A esta frecuente crítica a la nobleza, se unía, más veladamente por causa de la Inquisición, la dirigida al clero. Pero no se trataba, en el caso de los ilustrados españoles, de una crítica teológica, sino basada en la inercia científica de la escolástica y la pervivencia de señoríos eclesiásticos (2591, amén de 1235 abadengos, en el Censo de 1797). Por esta razón, como Richard Herr ha demostrado222, los ataques por parte de los tradicionalistas al pretendido ateísmo o agnosticismo de nuestros ilustrados se perdían en el vacío de lo inútil, esfuerzo errado.

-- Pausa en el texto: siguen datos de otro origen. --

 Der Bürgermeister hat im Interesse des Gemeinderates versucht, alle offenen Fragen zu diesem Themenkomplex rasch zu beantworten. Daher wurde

Fuera la educación223 o la economía224 el eje motriz de la Ilustración, la mayor parte de quienes se integraron en las sociedades económicas o lucharon por las reformas en el campo político, no pensaba en una revolución. La frase con que Sánchez Agesta define la raíz del pensamiento de Jovellanos es, pues, aplicable a casi todos sus compañeros: «Desde las filas ilustradas del racionalismo reformador, Jovellanos no ha dejado de identificar a España con su religión, su constitución, sus leyes, sus costumbres, sus usos, en una palabra: con su tradición»225. De ahí que, con la creencia en una evolución de las estructuras políticas, hubiera rechazado la solución revolucionaria: «Que nada bueno se puede esperar de las revoluciones en el Gobierno [...] Pero si, escarmentadas [las naciones europeas], prefieren la paz y protegen las artes pacíficas, y sobre todo, la agricultura (la única que puede solidar su poder), evitarán su ruina», según Jovellanos226. (Esta generalizada repugnancia de los liberales por la violencia podría explicar la actitud antirrevolucionaria del sainetero gaditano González del Castillo).

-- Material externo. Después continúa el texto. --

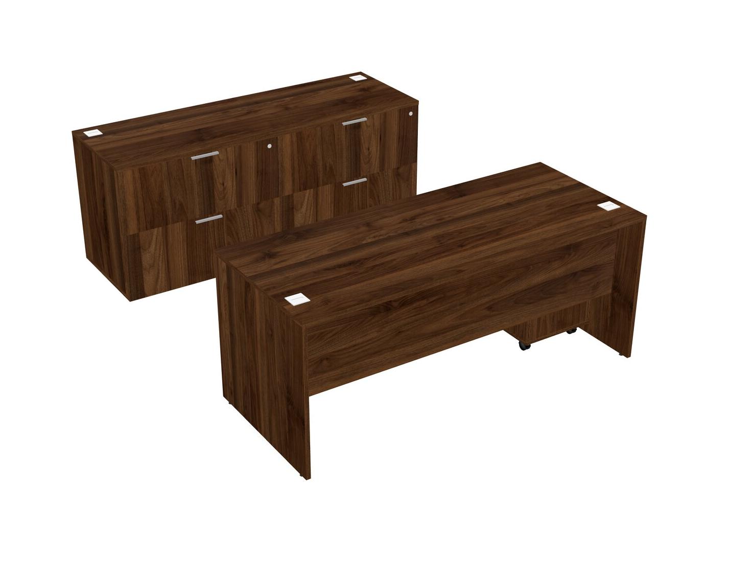 Columbia Walnut Office Parallel Desk With Lateral File Cabinet + Wooden Mobile Drawers

Simplemente, el pensador liberal deseaba restringir los poderes nobiliar y eclesiástico, con lo que garantizar la neutralidad estatal y los derechos de todos y cada uno de los ciudadanos227. La cultura no sólo iba a ser fuente de felicidad pública y privada, sino que también iba a dignificar al hombre, por ser instrumento de fraternalización y prosperidad social, como ha puesto de relieve Jean Sarrailh228. Naturalmente, reconocer como ciudadano a quien hasta entonces no había sido más que vasallo representa la «revisión del honor social, uno de los más significativos exponentes del pensamiento del siglo», en palabras de Sánchez Agesta229, revisión que también queda ejemplificada desde otro ángulo por los sainetes.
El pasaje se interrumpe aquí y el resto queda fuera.